Generate a spider for the market data host.

$ scrapy genspider chart data.example.net
Created spider 'chart' using template 'basic' in module:
  market_chart.spiders.chart

Replace the generated spider with a request that reads the chart JSON and yields one item per bar.

market_chart/spiders/chart.py

from datetime import date
import os
from urllib.parse import urlencode
 
import scrapy
 
 
class ChartSpider(scrapy.Spider):
    name = "chart"
    allowed_domains = ["data.example.net"]
    api_url = "https://data.example.net/v1/charts"
 
    def __init__(
        self,
        symbol="MSFT",
        interval="1d",
        start="2026-04-01",
        end="2026-04-03",
        *args,
        **kwargs,
    ):
        super().__init__(*args, **kwargs)
        self.symbol = symbol.strip().upper()
        self.interval = interval.strip()
        self.start_date = self._parse_day(start, "start")
        self.end_date = self._parse_day(end, "end")
 
    def _parse_day(self, value, label):
        try:
            return date.fromisoformat(str(value)).isoformat()
        except ValueError as exc:
            raise ValueError(f"{label} must use YYYY-MM-DD") from exc
 
    def _headers(self):
        headers = {"Accept": "application/json"}
        api_token = os.getenv("CHART_API_TOKEN")
        if api_token:
            headers["Authorization"] = f"Bearer {api_token}"
        return headers
 
    async def start(self):
        params = urlencode(
            {
                "symbol": self.symbol,
                "interval": self.interval,
                "start": self.start_date,
                "end": self.end_date,
            }
        )
        yield scrapy.Request(
            url=f"{self.api_url}?{params}",
            headers=self._headers(),
            callback=self.parse,
        )
 
    def parse(self, response):
        payload = response.json()
        bars = payload.get("bars")
        if not isinstance(bars, list):
            self.logger.error("Missing bars list")
            return
 
        symbol = payload.get("symbol") or self.symbol
        for bar in bars:
            if not isinstance(bar, dict):
                continue
 
            yield {
                "symbol": symbol,
                "date": bar.get("date"),
                "open": bar.get("open"),
                "high": bar.get("high"),
                "low": bar.get("low"),
                "close": bar.get("close"),
                "volume": bar.get("volume"),
            }

symbol, interval, start, and end stay as normal spider arguments, so you can switch symbols or date windows at crawl time without editing the file. Convert Unix timestamps inside parse() before yielding the item when the provider does not already return an ISO-style date.

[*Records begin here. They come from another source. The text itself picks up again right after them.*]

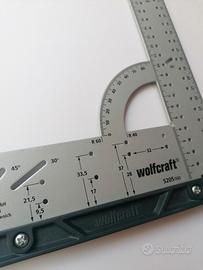 squadra multiuso Wolfcraft, specificamente il modello 5205000 con lati da 200 x 300 mm. Questo strumento in acciaio combina diverse funzioni per misurare, tracciare, disegnare e tagliare in modo guidato.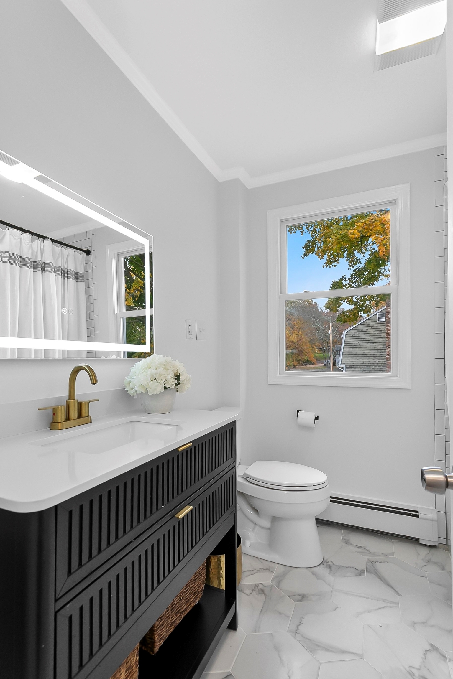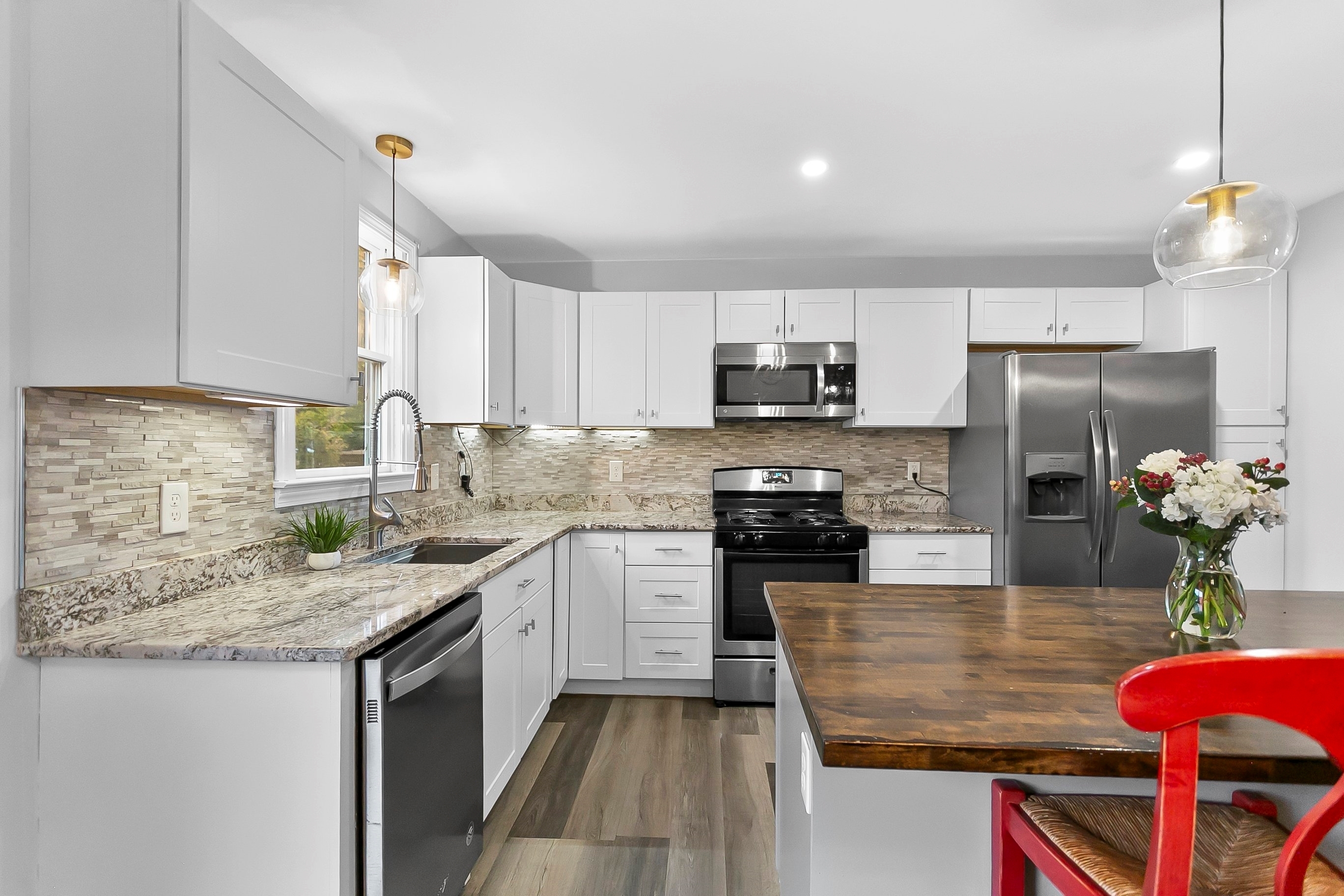Welcome to 526 Wilson Street, perfectly positioned in Fairfield's sought-after Stratfield neighborhood, known for its tree-lined streets, strong community feel, & convenience to local favorites like Maione's, Dragon 168, & Joseph's Bagel, w/ Lincoln Park just around the corner. Less than 10 minutes to downtown Fairfield's beaches, shops, restaurants, and train, this home delivers the ideal blend of neighborhood charm & central accessibility. Beautifully updated & designed for modern living, the bright open layout feat vaulted ceilings, a charming window seat, & a striking stone fireplace that anchors the living space w/ warmth & style. The renovated kitchen showcases white cabinetry, quartz countertops, stainless steel appliances, & a center island w/ seating, opening directly to an oversized multi-level deck, perfect for entertaining or dining al fresco. Upstairs offers 3 comfortable bedrooms & a newly renovated full bath. The entry level includes a welcoming foyer, powder room, & laundry area, plus a flexible home office or den w/ a separate entrance, ideal for work, guests, or extended living. A finished lower level adds versatility for a playroom, gym, or media space. A large backyard w/ a new stone fire pit and landscaping provides a private setting for relaxation, play, or gardening. With a full-house generator, attached garage, & a sought-after location near top-rated schools, this home delivers the very best of Stratfield living. Sellers replacing roof prior to close.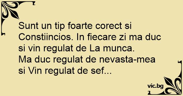 Sunt un tip foarte corect si Constiincios. In fiecare zi ma duc si vin regulat de La munca.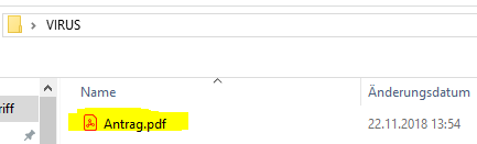 Wenn Sie den Ordner «VIRUS» öffnen dann sehen Sie die von Ihnen abgespeicherte Datei. Auch hier gilt wieder dass Sie diese Datei unter keinen Umständen öffnen!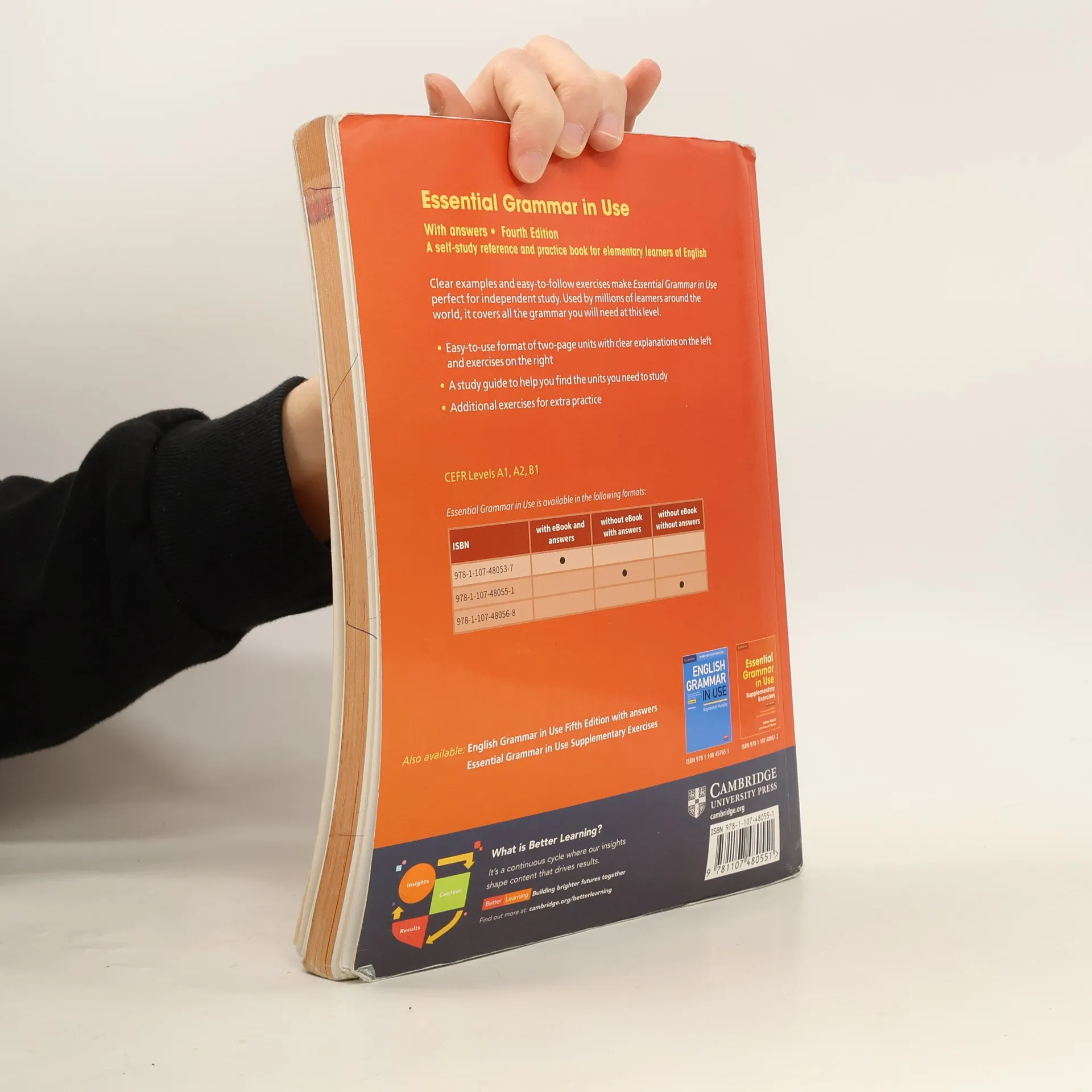 The world's best-selling grammar series for learners of English. Essential Grammar in Use is a self-study reference and practice book for elementary-level learners (A1-B1), used by millions of people around the world. With clear examples, easy-to-follow exercises and answer key, the Fourth edition is perfect for independent study, covering all the areas of grammar that you will need at this level. The book has an easy-to-use format of two-page units with clear explanations of grammar points on the left-hand page, and practice exercises on the right. It also includes plenty of additional exercises and a Study Guide to help you find the grammar units you need to study.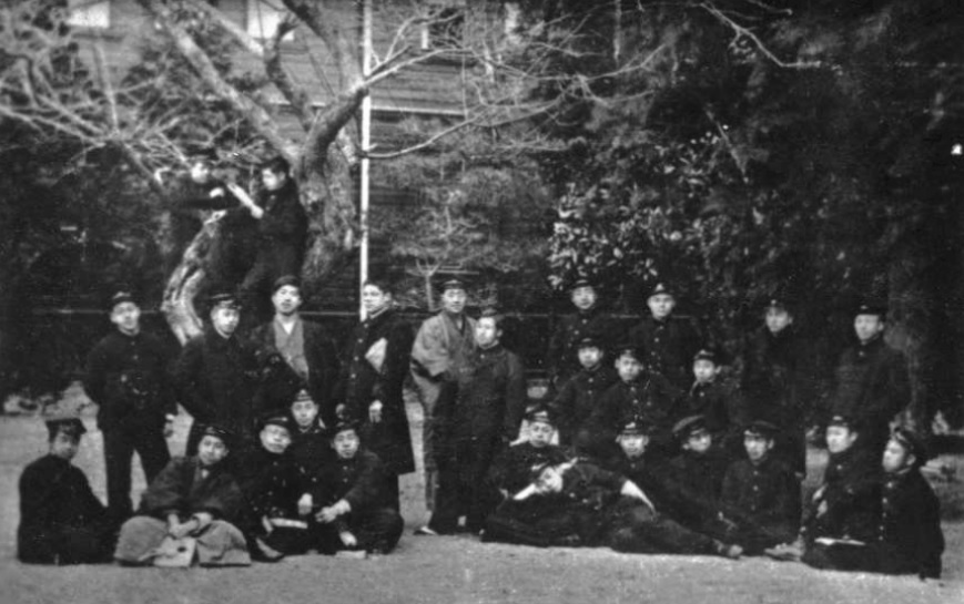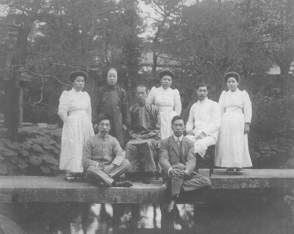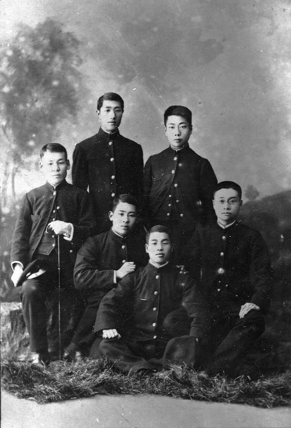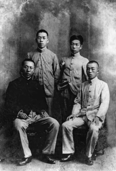 1903年摄于东京,时鲁迅在弘文学院。照片上其他三人均为绍兴人。与鲁迅并排而立者许寿裳,弘文学院浙江班学生;许寿裳前面坐者邵明之,东京清华预备学校学生,后往北海道札幌地方工业专门学校学习土木工程;鲁迅之前为陈仪,日本成城学校学生,后就读于日本陆军大学,曾任台湾省行政长官兼台湾省警备总司令部总司令、浙江省省长。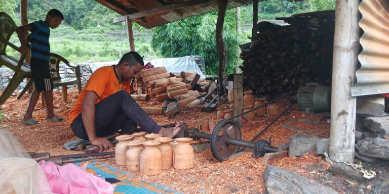 श्रीकृष्ण हस्तकला उद्योगको नाउँमा दर्ता भएको त्यही टहरोमा बनेका ससाना ठेकी, रक्सी राखिने कप, कप, कचौरा, थालदेखि करुवासम्मका सामग्रीहरु निर्माण हुने गर्दछन् । ३७ वर्षीय राजेन्द्र विकले आफ्नो पुख्र्यौली पेसालाई निरन्तरता मात्र दिएको छैन, व्यावसायिक रुपमा दारका सामग्री बनाई राम्रो आम्दानी पनि गरेका छन् ।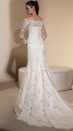 Suknia posiada długi tren z możliwością podpięcia . Jest bardzo wygodna - idealnie dopasowuje się do ciała i podkreśla figurę.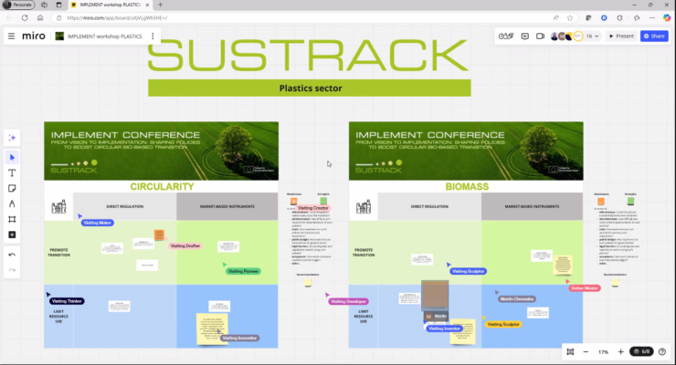 Finally, the project concluded its stakeholder engagement cycle with the “From Vision to Implementation: Shaping Policies to Boost the Circular Bio-Based Transition” workshops (February–March 2025). These sessions featured keynote insights on sectoral transition challenges, the current policy landscape, and SUSTRACK’s proposed policy options for the four focus sectors. Participants collaboratively assessed the strengths, weaknesses, and opportunities of these options, contributing to the formulation of evidence-based policy recommendations.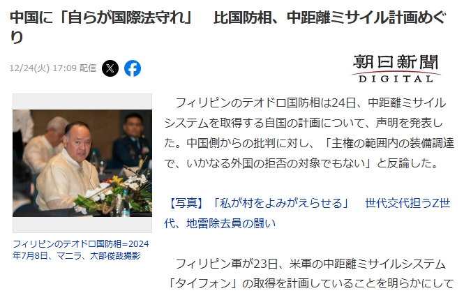 1: 名無し 2024/12/24(火) 19:07:33.79 ID:O+xz454+0● BE:662593167-2BP(2000)フィリピンのテオドロ国防相は24日、中距離ミサイルシステムを取得する自国の計画について、声明を発表した。中国側からの批判に対し、「主権の範囲内の装備調達で、いかなる外国の拒否の対象でもない」と反論した。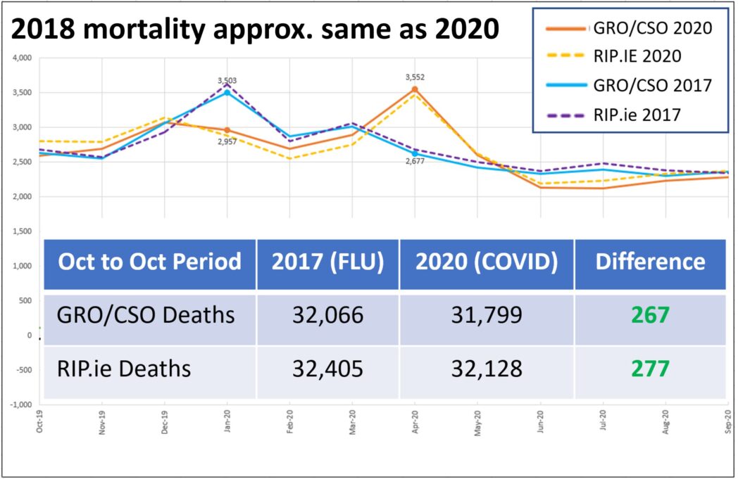 Approx. Mortality numbers for Ireland 2018 vs 2020 (note peak month April 2020 approx. matches deaths in peak month Jan 2018):

Update the project settings so the CSV header stays ordered and the crawl backs off under latency.

market_chart/settings.py

CONCURRENT_REQUESTS_PER_DOMAIN = 1
DOWNLOAD_DELAY = 1.0
 
AUTOTHROTTLE_ENABLED = True
AUTOTHROTTLE_START_DELAY = 1.0
AUTOTHROTTLE_MAX_DELAY = 10.0
AUTOTHROTTLE_TARGET_CONCURRENCY = 1.0
 
FEED_EXPORT_FIELDS = [
    "symbol",
    "date",
    "open",
    "high",
    "low",
    "close",
    "volume",
]
FEED_EXPORT_ENCODING = "utf-8"

Market-data endpoints often enforce burst limits, so raising concurrency or removing the delay usually leads to HTTP 429 responses, shortened date ranges, or both.

Export a bearer token when the provider requires authenticated requests.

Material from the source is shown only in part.